Writer David Rakoff travels to a place where everyone seems to be looking at him, a place where no one follows the customs people follow back home in New York City, a place called...New Hampshire.
We go through transcripts from those black box flight recorders recovered from airplane crashes to see what people say. One pilot declares "I love you" to someone, another is doing his job like always and suddenly says, "uh-oh." It's an interview with Malcolm McPherson, author of The Black Box: All-New Cockpit Voice Recorder Accounts of In-Flight Accidents.
Writer Anne Lamott presents an example of what we can learn from music outside of formal classes. She tells the story of an airplane trip, a song, and a small miracle.
Host Ira Glass talks with a guy who hit the road after his mother's death, hoping for some experience that would change him and shed light on what just happened. This never happens to him, or to most of us.
What happens when being on the road is your job, and has been your job for decades? Reporter Margy Rochlin recalls a trip she took with 92-year-old George Burns and his tiny entourage.
Dishwasher Pete, an itinerant dishwasher and author of the book Dishwasher: One Man's Quest to Wash Dishes in All Fifty States, loves taking the bus as he moves from city to city every few weeks. In this act, he takes a tape recorder with him, hoping to capture the stories he always hears from his fellow passengers.

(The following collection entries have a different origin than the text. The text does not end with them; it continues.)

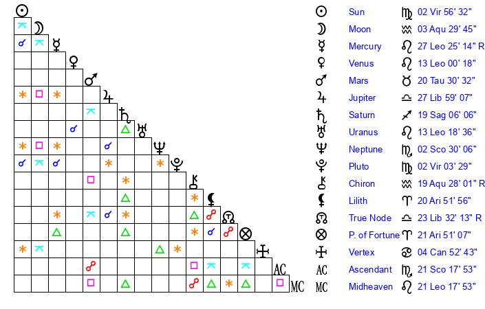 | Pluto | 2 Virgo 3 | 1 Aquarius 51 | 3 Virgo 54 |
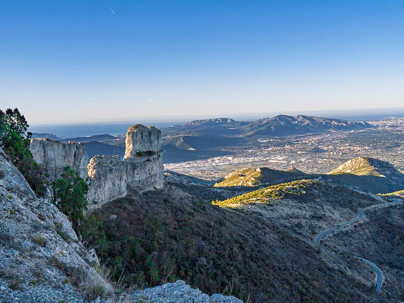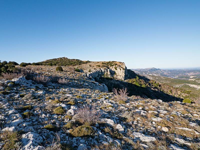 La crête des Dents de Roque Forcade domine la plaine d'Aubagne, face à Marseille et à la Méditerranée, au loin (Provence, Plan-d'Aups-Sainte-Baume, Var – 28/12/11)
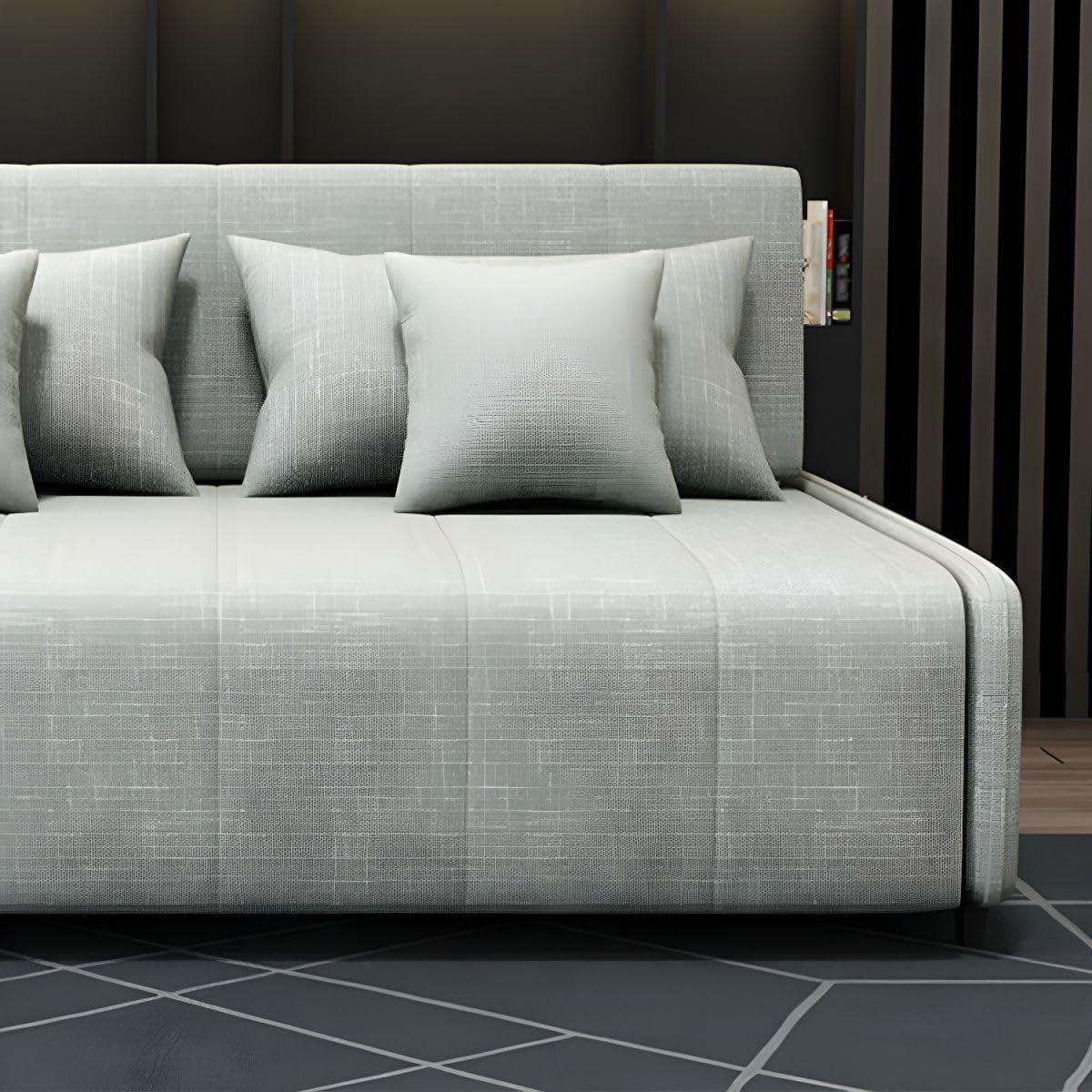 Maintaining this sofa’s pristine look is effortless thanks to its cotton-linen blend upholstery, which resists odors and stains. A simple damp cloth wipes away spills without damaging the fabric, making it ideal for busy rooms or apartments. Here are other tips to optimize its dual functionality:
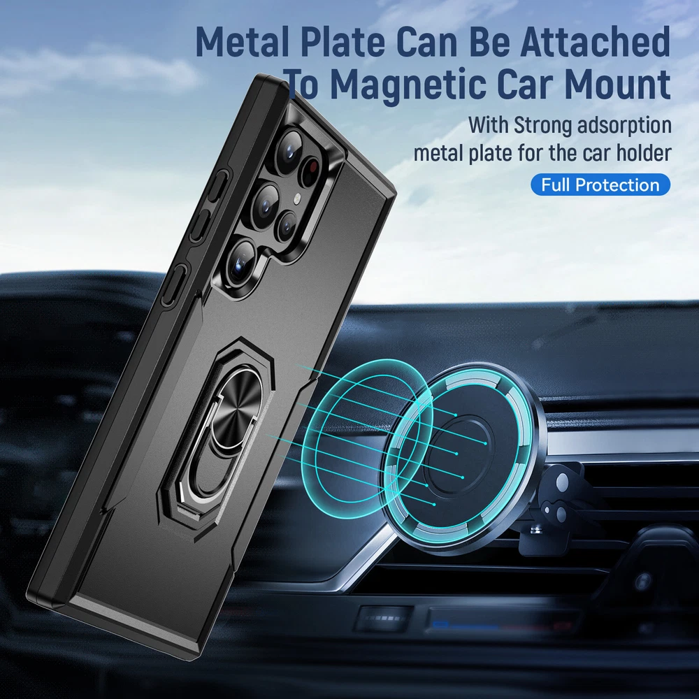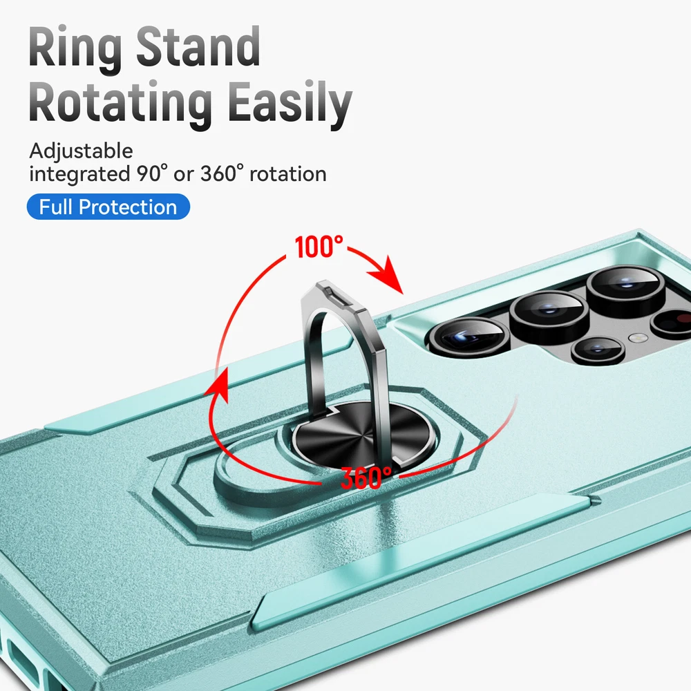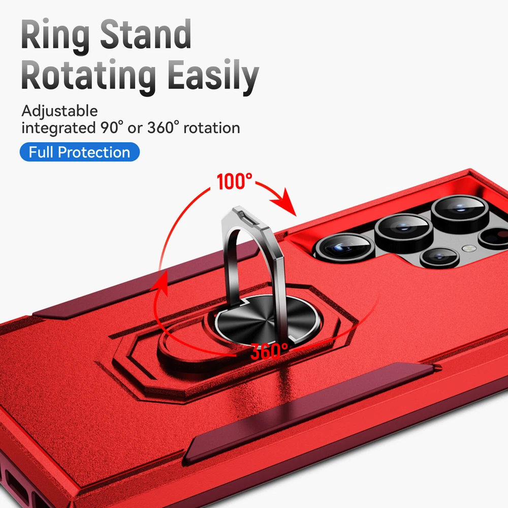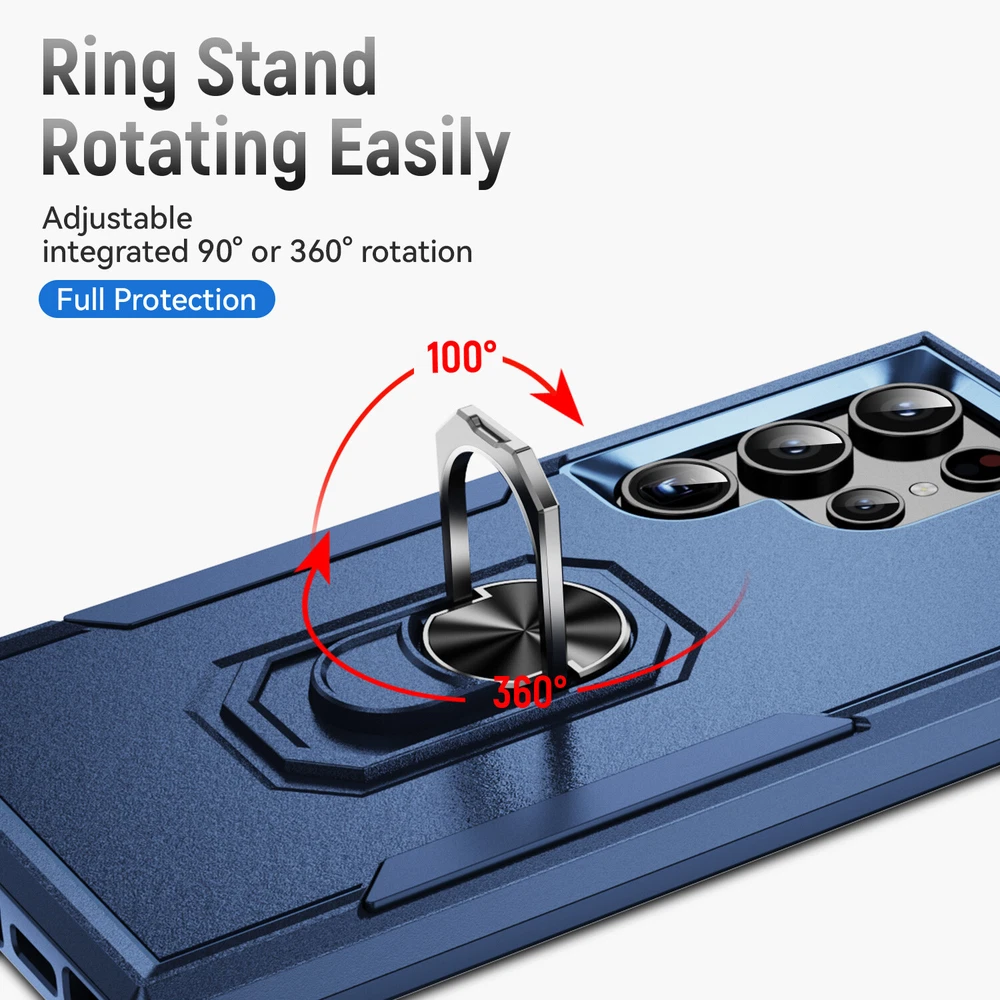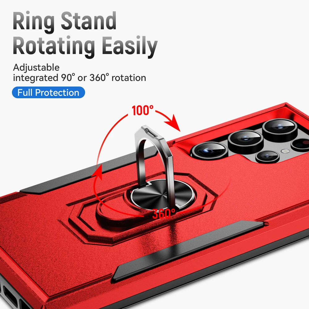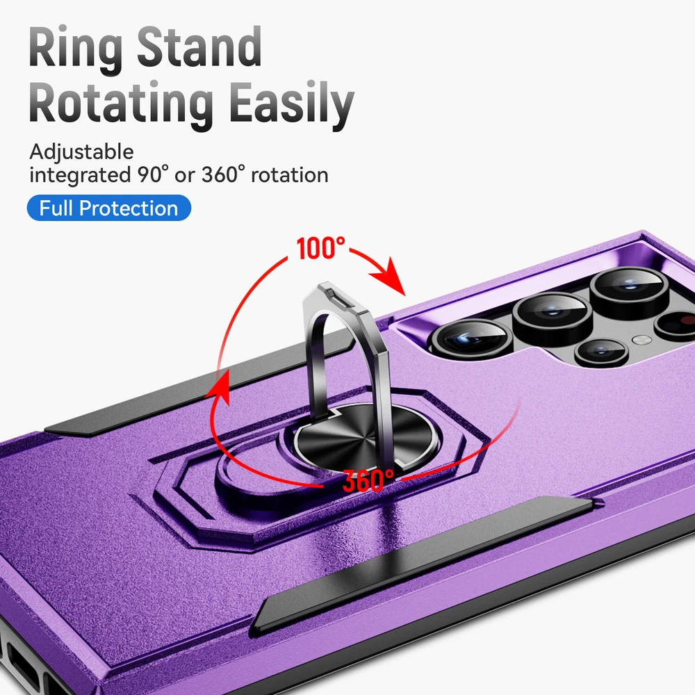 Fr Samsung Galaxy S25 Ultra S24 FE S23 Magnetic Ring Stand Case Screen Protector Key Features: 360° Rotating Magnetic Kickstand – Features a durable metal ring stand for hands-free video calls, streaming, or browsing, compatible with magnetic car mounts for added convenience. Shockproof & Durable Protection – Crafted with high-quality materials to guard your phone against drops, impacts, and scratches, ensuring long-lasting reliability. Precise Fit & Functionality – Designed with exact cutouts for buttons, ports, and the camera, offering seamless usability without removing the case. Lightweight & Comfortable Grip – Slim yet protective, this case provides a secure, ergonomic grip while maintaining your phone's sleek profile. Package: 1* Case Cover (Phone Is not included!) 1* Screen Protector

What we want on the road — many of us — is adventure. And what is adventure but a moment you never could've predicted before you left home? Chicago writer Cheryl Trykv tells the story of one such moment.
Jack Hitt talks about a radio station he chanced upon while on a long drive. The station seems to ignore the last six decades of broadcasting history and convention.
Ira with "The Hens," a group of nine middle-aged women who've known each other since girlhood. They play recordings of their recent three-day road trip from Chicago to a casino in a cotton field in Mississippi.